Get those babies cleaned up and ready, its time for another GREAT meet. Hope to see everyone out and ready for some sweet cars and good food.

DATE: Thursday, January 25th, 2007 

TIME: 8:00 pm 

PLACE: MAC Acccessories - 7040 SW 44th Street, Miami, Florida 

PLAN: Meet up at the shop, enjoy the rides and good company and then cruise out to Fuddruckers on 107th Avenue by International Mall.


----------



## The Crow (Mar 25, 2005)

Here is the list so far.

Ruben - Camaro
Alex - Camaro
01Z28 - Camaro
speedz01 - Camaro
splitplug - Camaro
Joel - Trans Am
Alcides - Trans Am
Rudy - Corvette C5
Jonathan - Corvette C5 Z06
Jason - Corvette C6
Danny - Corvette C6
Slow Vette - Corvette C6
Manny - GTO
Aldrwin - GTO
Gilbert - GTO
Dan - Mustang
Jon - Charger SRT8
Mike - Porsche
Kev - Supra
Frank - GTi
Carlos - RX-8


----------



## redrocketgto (Jul 14, 2005)

I am going to try and make itarty:


----------



## The Crow (Mar 25, 2005)

Hope to see everyone on Thursday!!!


----------



## Robocop (May 9, 2009)

I know is an old thread, but when is the next meet??


----------



## The Crow (Mar 25, 2005)

That time again, time for some good food and some GREAT company!
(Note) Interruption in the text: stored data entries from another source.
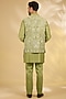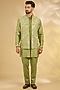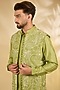 Featuring a pista green bundi jacket in cotton silk base. It is paired with a kurta and pants. Style it with mojaris for a wedding, mehendi, sangeet or engagement ceremony, exuding charm and elegance.
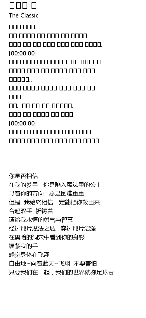 | [00:32.97] | 나의 꿈속에서 너는 마법에 빠진 공주란걸 |
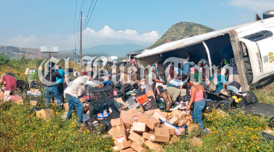 Durante la volcadura no hubo reporte de personas lesionadas, solo daños materiales, pero si el robo de la mercancía por pobladores y automovilistas.
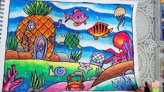 - Cara Menggambar dan Mewarnai Pemandangan Dasar Laut - Gradasi Warna Oil Pastel
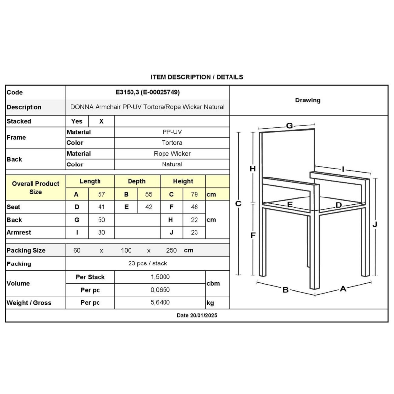 DONNA Πολυθρόνα-Pro Στοιβαζόμενη, PP-UV Tortora, Rope Wicker Φυσικό 57x55x79cm
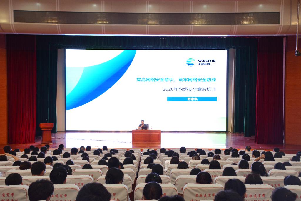为宣传普及网络安全知识,防范网络安全风险,按照第七届网络安全宣传周活动方案,9月16日下午,我校邀请深信服科技股份有限公司安全事业部解决方案专家张家琪工程师在学术报告厅为师生作“提高网络安全意识,筑牢网络安全防线”主题讲座。副校长蒋继国主持讲座。
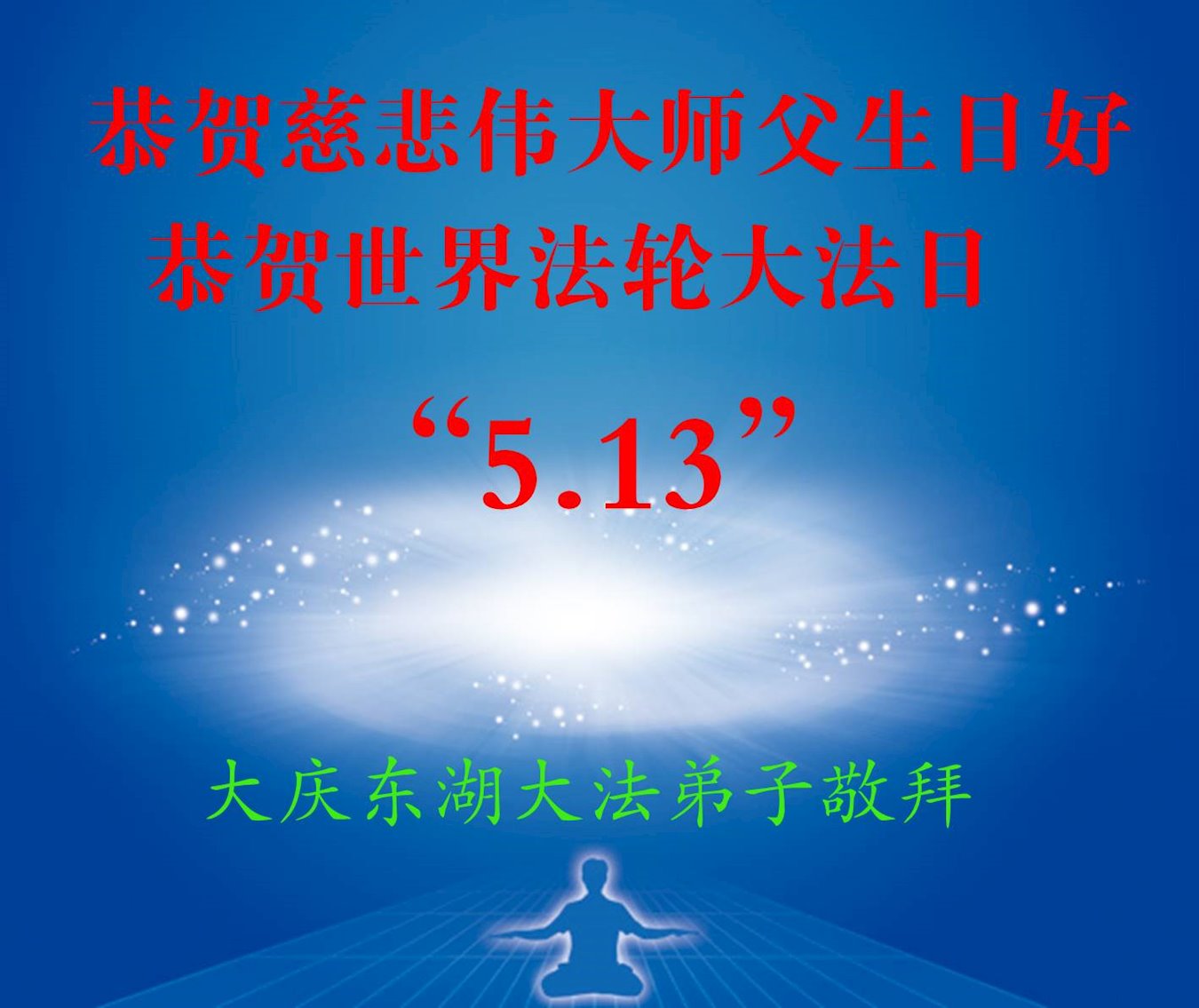 黑龍江省大慶市東風新村九區大法弟子恭祝師尊生日快樂!普天同慶5.13世界法輪大法日!
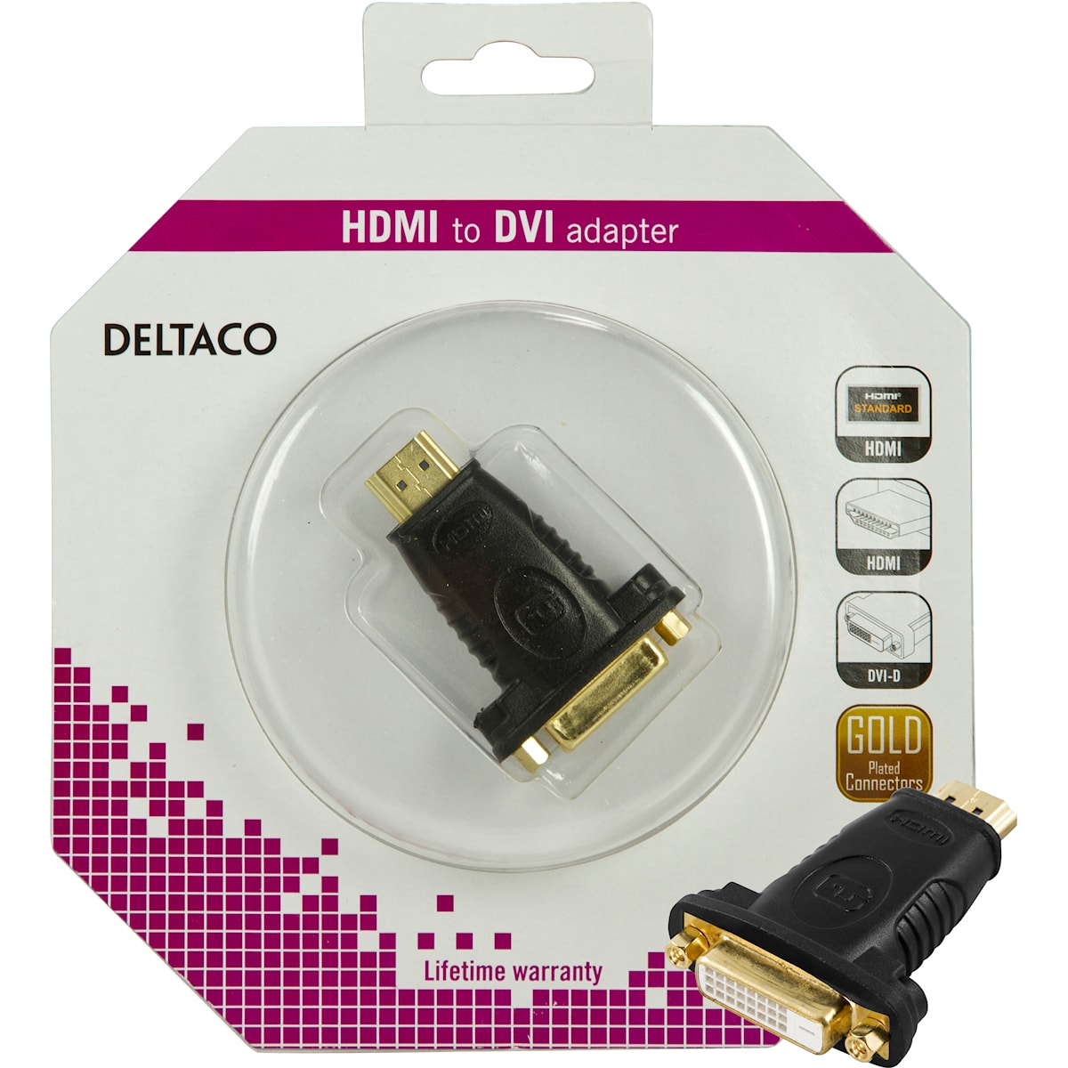 HDMI-adapter med guldpläterade kontakter HDMI 19-pins hane till DVI-D hona. Adaptern kan användas för att koppla ihop en DVI-kabel från en projektor eller bildskärm till en enhet med HDMI-utgång, typ DVD, Bluray-spelare, tvspel etc.
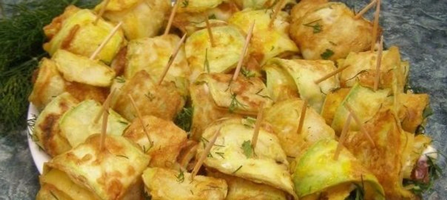 Это пикантная закуска из жареных кабачков с помидорами, сыром и чесноком. «Тещин язык» получил свое название из-за острых ноток чеснока и формы ломтиков кабачков. Это прекрасный вариант для летнего стола или праздничного застолья.
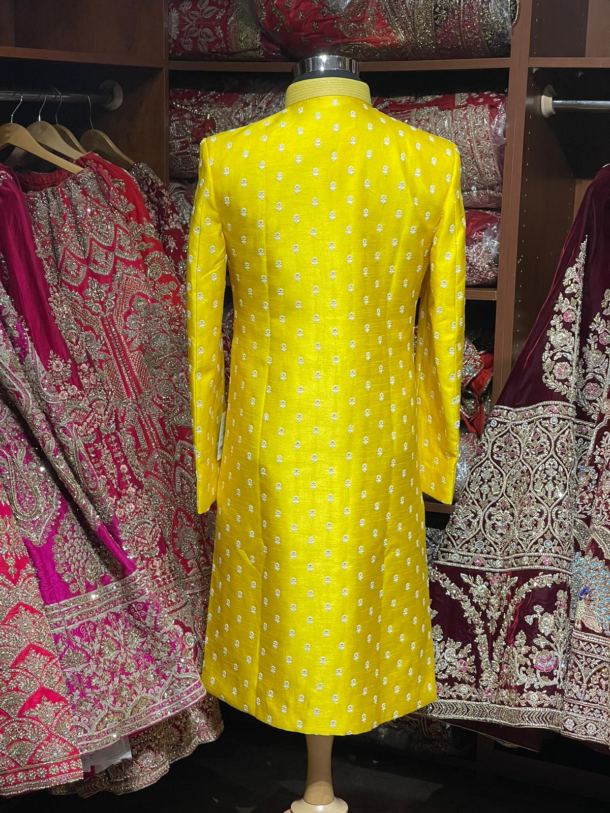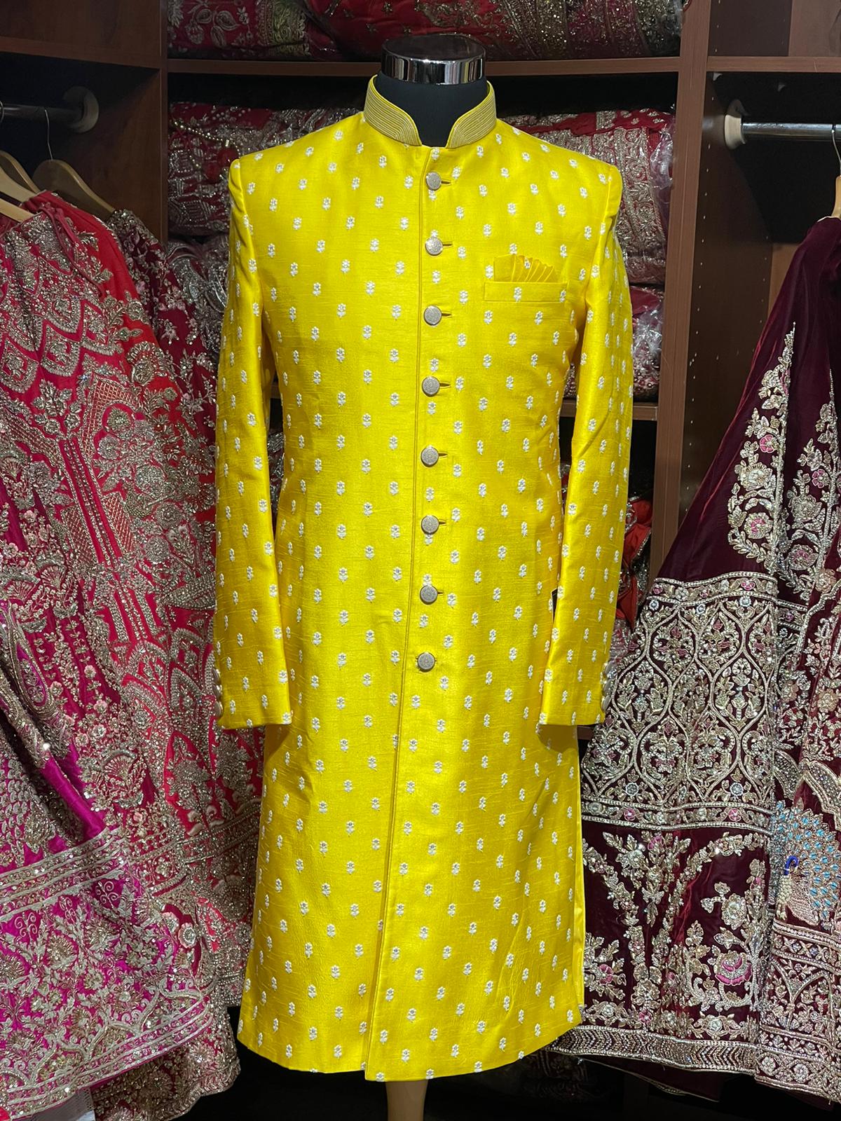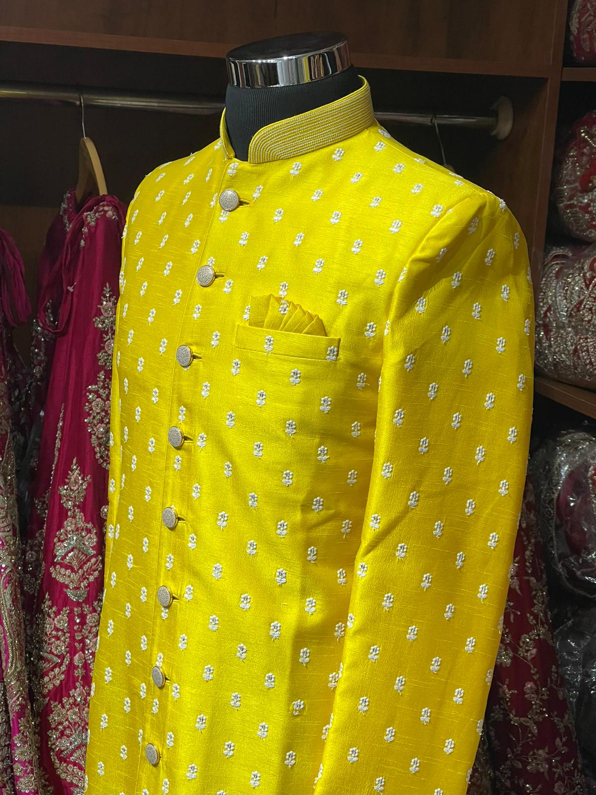 Mustard Yellow Thread Embroidered Sherwani- M1033

Get those rides looking hot for another great SSP meet. 


Date: Thursday, June 25, 2009 

Time: 8:00 pm 

Place: 7040 SW 44th Street, Miami, Florida 

Plan: Meet up at the shop and cruise out around 9 for some grub!


----------



## Robocop (May 9, 2009)

Damn it! I was out of town on a 1 week cruise..... When is the next meet???


----------